Yeah, it’s not great, but it’s good. The actors take the material more seriously than it deserves. It’s so nice to see Jackman’s Wolverine make the full transition from selfish amnesiac creep to calm, mature hero/mentor. Poor Jennifer Lawrence, though -- her Mystique is mostly a tool of the plot, and after David O. Russell and Katniss Everdeen, we know how much better she warrants. But then Evan Peters sprints into the film, and strolls away with the film, as the super-speedy delinquent Quicksilver. Team Avengers has already lost that battle, unless Aaron Taylor-Johnson has more up his sleeve than I think. Peters’ playful role captures the giddy fun of being a superhero, even an outcast maligned by society. This is why nobody likes the new Spider-Man incarnation. Why Iron Man is our favorite Avenger. Because the best costumed crusaders don’t take themselves too seriously. The X-Men franchise soldiers on, heavily flawed but capable, breaking up its dark social commentary with scenes like Magneto lifting an entire football stadium, or Blink (Fan Bingbing) using her powers to turn a fight scene into a tense game of Portal. Moments that make us giggle at their superpowered audacity. That’s what it’s all about.

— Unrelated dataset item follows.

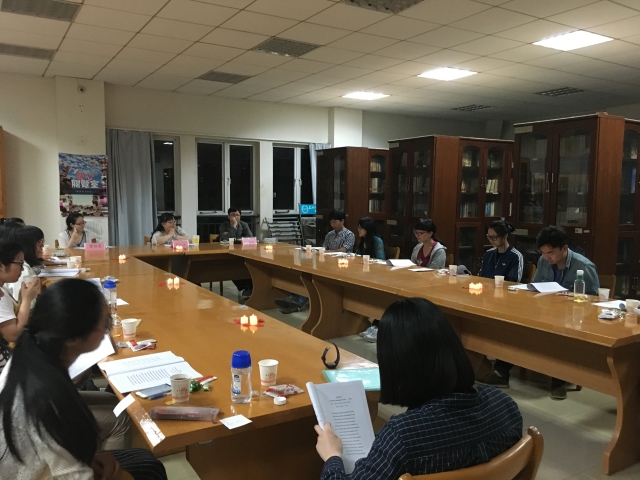 活动现场,14位同学以小组或个人的形式深情朗诵了八首莎翁的十四行诗。每次朗诵结束后,同学会阐述选择该诗歌的理由并分享读诗感想,然后由评委老师进行点评。其间,同学和老师们关于对“美”的讨论将本次诗会推向了高潮。小小的爱阅里,不仅洋溢着优美的朗诵声,还有大家热切的讨论——讨论着爱、讨论着美,讨论怎样读诗、怎样理解诗。

X-Men: Days of Future Past serves as a nice culmination of the series thus far. I can’t spoil the ending, but its implications are pretty significant. It feels like an ending. Of course, there’s a post-credits teaser, and it’s cryptic enough that a non-comic-book-devotee such as myself had to do a little research. But if the next film is more of the same, if we have retro chic and superpowered fireworks and more Quicksilver and a Gambit who isn’t a shoehorned afterthought played by franchise-murderer Taylor Kitsch...I’m there. I may be a little guilty about my fondness for this wonky series, but I’m there.
VERDICT: It ain’t great art, even by superhero flick standards, but it gets a respectable squee.